Cosa può succedere ora? Noi occidentali abbiamo un problema in più rispetto a Vladimiro: l’opinione pubblica! Se le sanzioni sono “percepite” come troppo morbide dal nostro pubblico, i governi occidentali (pensiamo all’elezione presidenziale francese fra meno di due mesi e alla necessità della nuova coalizione al potere in Germania di consolidare le sue basi politiche) rischiano grosso. La guerra della (dis)informazione è quindi altrettanto importante dell’altra. I nostri governi devono mantenere l’appoggio dell’opinione pubblica, un problema che non esiste per Vladimiro dato che comanda lui e basta. In più noi europei abbiamo il problema Orban, chiaramente filo-russo, per cui qualsiasi decisione europea che dovesse essere presa all’unanimità, rischia di non passare.

 

Complichiamo ancora un po’ una faccenda già complessa: se non riusciamo a calmare Vladimiro, questi può sempre mettere il fuoco nei Balcani vicini casa nostra, data la crescente insofferenza della minoranza serba all’interno della Bosnia, con segnali inquietanti di armamento e di decisioni politiche unilaterali che vanno nella direzione di dichiarare l’indipendenza. Profittando della confusione, anche la minoranza croata sta iniziando a fare lo stesso, per cui il rischio che riparta una guerra nella ex-Jugoslavia, è quanto mai alto. Vladimiro ha in mano (parzialmente) la carta serba, potendo giocare sul nazionalismo filo-russo dei serbi; ma non ha in mano la carta economica, data la dipendenza crescente della Serbia da Ici Git Ping. Quindi anche questo scenario non dipende solo da Est ed Ovest, ma si gioca a tre (ripeto: le volontà dei popoli locali, strumentalizzate o meno, contano come il due di spade con briscola bastoni – principio base della RealPolitik).

 

Vladimiro potrebbe anche ricordare che l’enclave di Kalinigrad è roba sua, e che potrebbe mettere anche lui ancora più missili di quanti ce ne siano già (poco più di 700 Km in linea d’aria per arrivare a Berlino, cioè dietro l’angolo, vedi: https://sicurezzainternazionale.luiss.it/2021/05/24/piano-militare-usa-contrastare-kaliningrad-enclave-russa-preoccupa-la-nato/).
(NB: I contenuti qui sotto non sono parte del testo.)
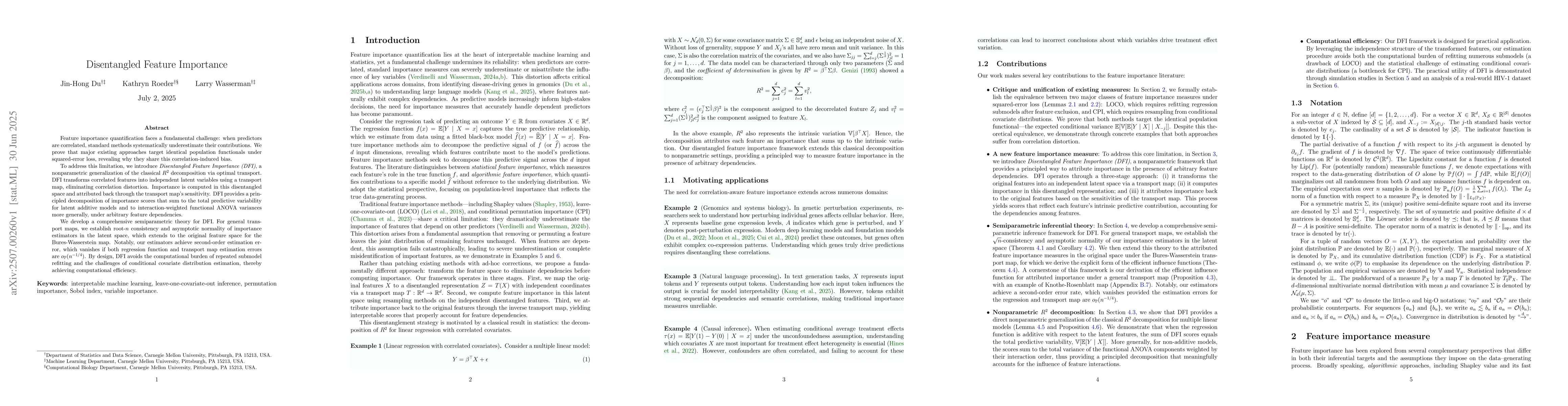 This research introduces Disentangled Feature Importance (DFI), a method that overcomes the limitation of standard feature importance quantification in correlated predictors. DFI transforms correlated features into independent latent variables, ensuring accurate importance attribution. It offers a theoretical foundation with consistency and normality guarantees, and is computationally efficient by avoiding submodel refitting and covariate distribution estimation challenges.

La Nato è già abbastanza preoccupata con questo avamposto, e probabilmente Vladimiro non ha nemmeno bisogno di ricordarlo. Potrebbe ricordare anche la buona amicizia che lo lega a Cuba, Nicaragua e Venezuela, per chi avesse orecchie per intendere.

 

Il punto è che adesso si è andati un po’ troppo lontani. Vladimiro non può tornare indietro su una decisione presa davanti a tutto il mondo, e l’occidente non può accettare il principio dell’annessione di territori altrui senza ribattere. 

 

L’impressione mia è che i due contendenti (ricordando il gatto cinese che sorride sotti i baffi), si siano infilati in un cul-de-sac, dal quale sarà molto ma molto difficile uscire. Nessuno vuole la guerra, nessuno ha interesse alla guerra, ma oramai basta un cerino perché scoppi tutto.